§ **PROBLEM DETAILS**
Give the listing again word for word. Leave every image out.
[[ DATA, beginning ]]
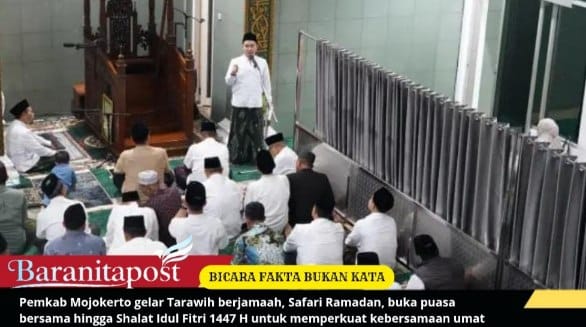 Bupati Mojokerto, Muhammad Al Barra, mengajak masyarakat bersyukur karena kembali dipertemukan dengan Ramadan 1447 H. Ia menegaskan perbedaan awal puasa memiliki dasar masing-masing dan meminta warga tetap saling menghormati. “Yang salah dan tidak boleh itu mereka yang tidak puasa,” ujarnya di hadapan jamaah.
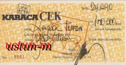 ** KARACA MAĞAZALARI ÇEKİ ** Ufak ebatta,1990 tarihli ve çok temiz vaziyette,koleksiyon için ideal bir çektir.. .
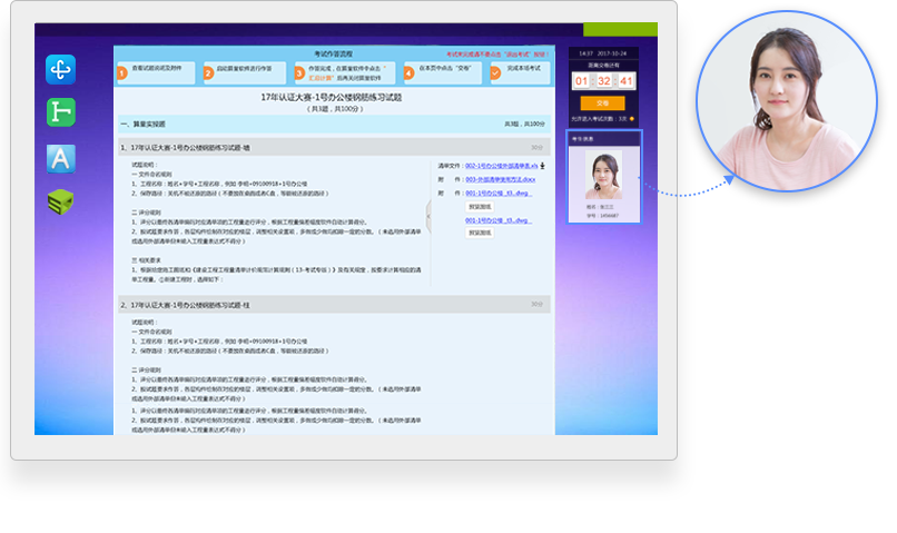 支持实操题、区间填空题、选择题、判断题等多个题型的考试及评分。
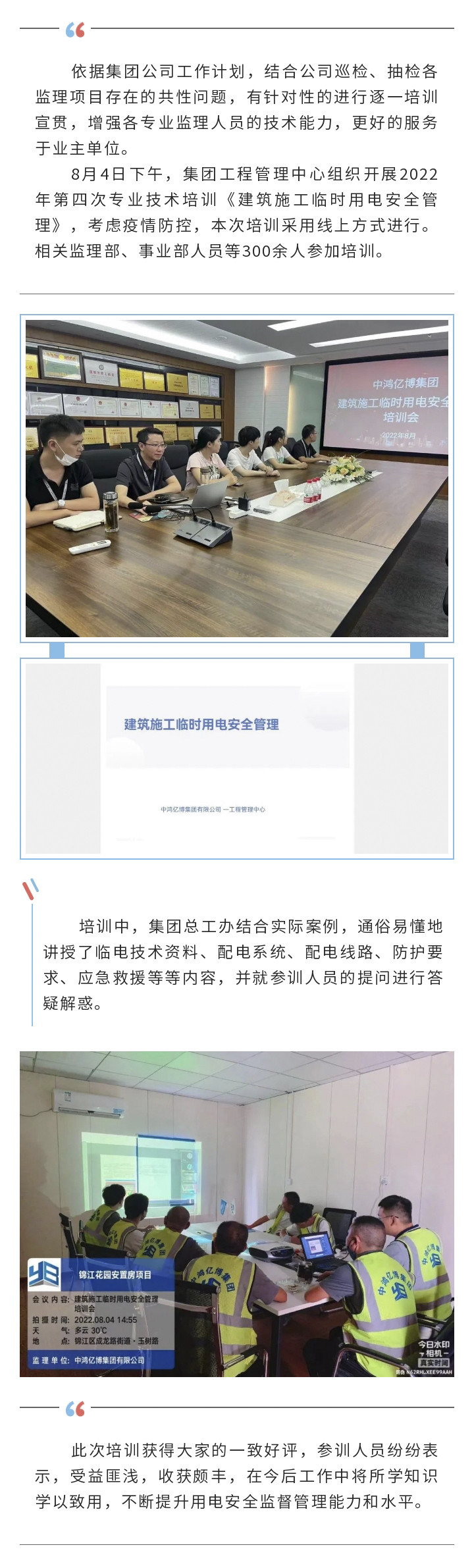 集团开展建筑施工临时用电安全管理培训
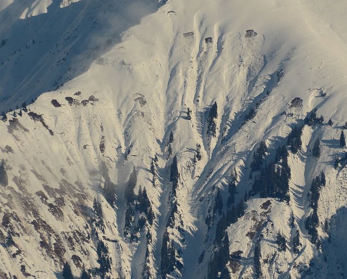 Dans le Bas-Valais, sur le versant nord des Alpes ainsi que dans le nord et le centre des Grisons, des avalanches de glissement se sont produites tout au long de la période décrite (cf. photo 12). D’abord en dessous d’environ 2000 m, puis d’abord dans l’ouest jusqu’à environ 2400 m. Avec le réchauffement sensible du temps à partir du dimanche 12 décembre, l’activité d’avalanches de glissement a augmenté, surtout à basse et moyenne altitude. Les avalanches étaient souvent petites à moyennes, mais en raison des hauteurs considérables de neige, elles atteignaient aussi de plus en plus souvent une grande ampleur. Des avalanches de glissement, mais aussi de petits glissements de neige sur les talus pouvaient menacer les voies de communication. Dans le bulletin d’avalanches du mercredi 15 décembre, le danger d’avalanches de glissement était évalué au degré 3 (marqué) sur le versant nord des Alpes fortement enneigé et dans l’ouest du Bas-Valais.
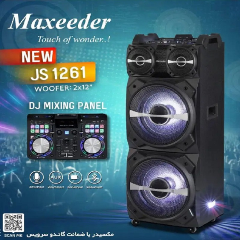 از ویژگی های اسپیکر بلوتوثی مکسیدر مدل JS1261 دارا بودن 2 عدد ساب 12 اینچی با قدرت 39000 وات می توان اشاره کرد که نشان از کیفیت حیرت انگیز و بی نظیر و بیس صدای قوی اسپیکر بلوتوثی مکسیدر مدل JS1261 می باشد. از دیگرمزایای آن به ریموت کنترل هوشمند نیز می توان اشاره کرد که از راه دور به راحتی تنظیمات مورد نظر خود را بر روی دستگاه اعمال میکند.
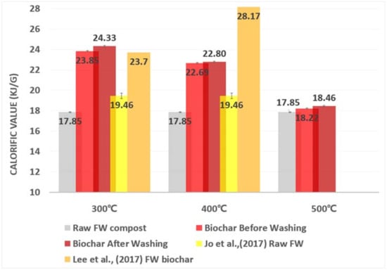 Figure 5 compares the calorific values of food waste compost biochar, pre-pyrolysis raw material compost, and the food waste calorific values of Lee et al. [12] and Jo et al. [15]. Food waste compost showed 17.85 kJ/g, a lower calorific value than raw food waste 19.46 kJ/g, because the organic matter in food waste was degraded. As a result, the substances that increase the calorific value (e.g., carbon) was relatively lower. After pyrolysis, food waste compost has increased in the calorific value compared with raw food waste compost as the pyrolysis temperature changes from 300 °C to 500 °C. Considering a large amount of organic matter was degraded by microorganisms, the calorific value did not show a large decrease; sawdust played a supporting role. In fact, Chen and Leung [31] showed that sawdust had a calorific value of 18.064 kJ/g.
[[ DATA, end ]]
§ **RESPONSE TO THE EXERCISE**
 Bupati Mojokerto, Muhammad Al Barra, mengajak masyarakat bersyukur karena kembali dipertemukan dengan Ramadan 1447 H. Ia menegaskan perbedaan awal puasa memiliki dasar masing-masing dan meminta warga tetap saling menghormati. “Yang salah dan tidak boleh itu mereka yang tidak puasa,” ujarnya di hadapan jamaah.
 ** KARACA MAĞAZALARI ÇEKİ ** Ufak ebatta,1990 tarihli ve çok temiz vaziyette,koleksiyon için ideal bir çektir.. .
 支持实操题、区间填空题、选择题、判断题等多个题型的考试及评分。
 集团开展建筑施工临时用电安全管理培训
 Dans le Bas-Valais, sur le versant nord des Alpes ainsi que dans le nord et le centre des Grisons, des avalanches de glissement se sont produites tout au long de la période décrite (cf. photo 12). D’abord en dessous d’environ 2000 m, puis d’abord dans l’ouest jusqu’à environ 2400 m. Avec le réchauffement sensible du temps à partir du dimanche 12 décembre, l’activité d’avalanches de glissement a augmenté, surtout à basse et moyenne altitude. Les avalanches étaient souvent petites à moyennes, mais en raison des hauteurs considérables de neige, elles atteignaient aussi de plus en plus souvent une grande ampleur. Des avalanches de glissement, mais aussi de petits glissements de neige sur les talus pouvaient menacer les voies de communication. Dans le bulletin d’avalanches du mercredi 15 décembre, le danger d’avalanches de glissement était évalué au degré 3 (marqué) sur le versant nord des Alpes fortement enneigé et dans l’ouest du Bas-Valais.
 از ویژگی های اسپیکر بلوتوثی مکسیدر مدل JS1261 دارا بودن 2 عدد ساب 12 اینچی با قدرت 39000 وات می توان اشاره کرد که نشان از کیفیت حیرت انگیز و بی نظیر و بیس صدای قوی اسپیکر بلوتوثی مکسیدر مدل JS1261 می باشد. از دیگرمزایای آن به ریموت کنترل هوشمند نیز می توان اشاره کرد که از راه دور به راحتی تنظیمات مورد نظر خود را بر روی دستگاه اعمال میکند.
 Figure 5 compares the calorific values of food waste compost biochar, pre-pyrolysis raw material compost, and the food waste calorific values of Lee et al. [12] and Jo et al. [15]. Food waste compost showed 17.85 kJ/g, a lower calorific value than raw food waste 19.46 kJ/g, because the organic matter in food waste was degraded. As a result, the substances that increase the calorific value (e.g., carbon) was relatively lower. After pyrolysis, food waste compost has increased in the calorific value compared with raw food waste compost as the pyrolysis temperature changes from 300 °C to 500 °C. Considering a large amount of organic matter was degraded by microorganisms, the calorific value did not show a large decrease; sawdust played a supporting role. In fact, Chen and Leung [31] showed that sawdust had a calorific value of 18.064 kJ/g.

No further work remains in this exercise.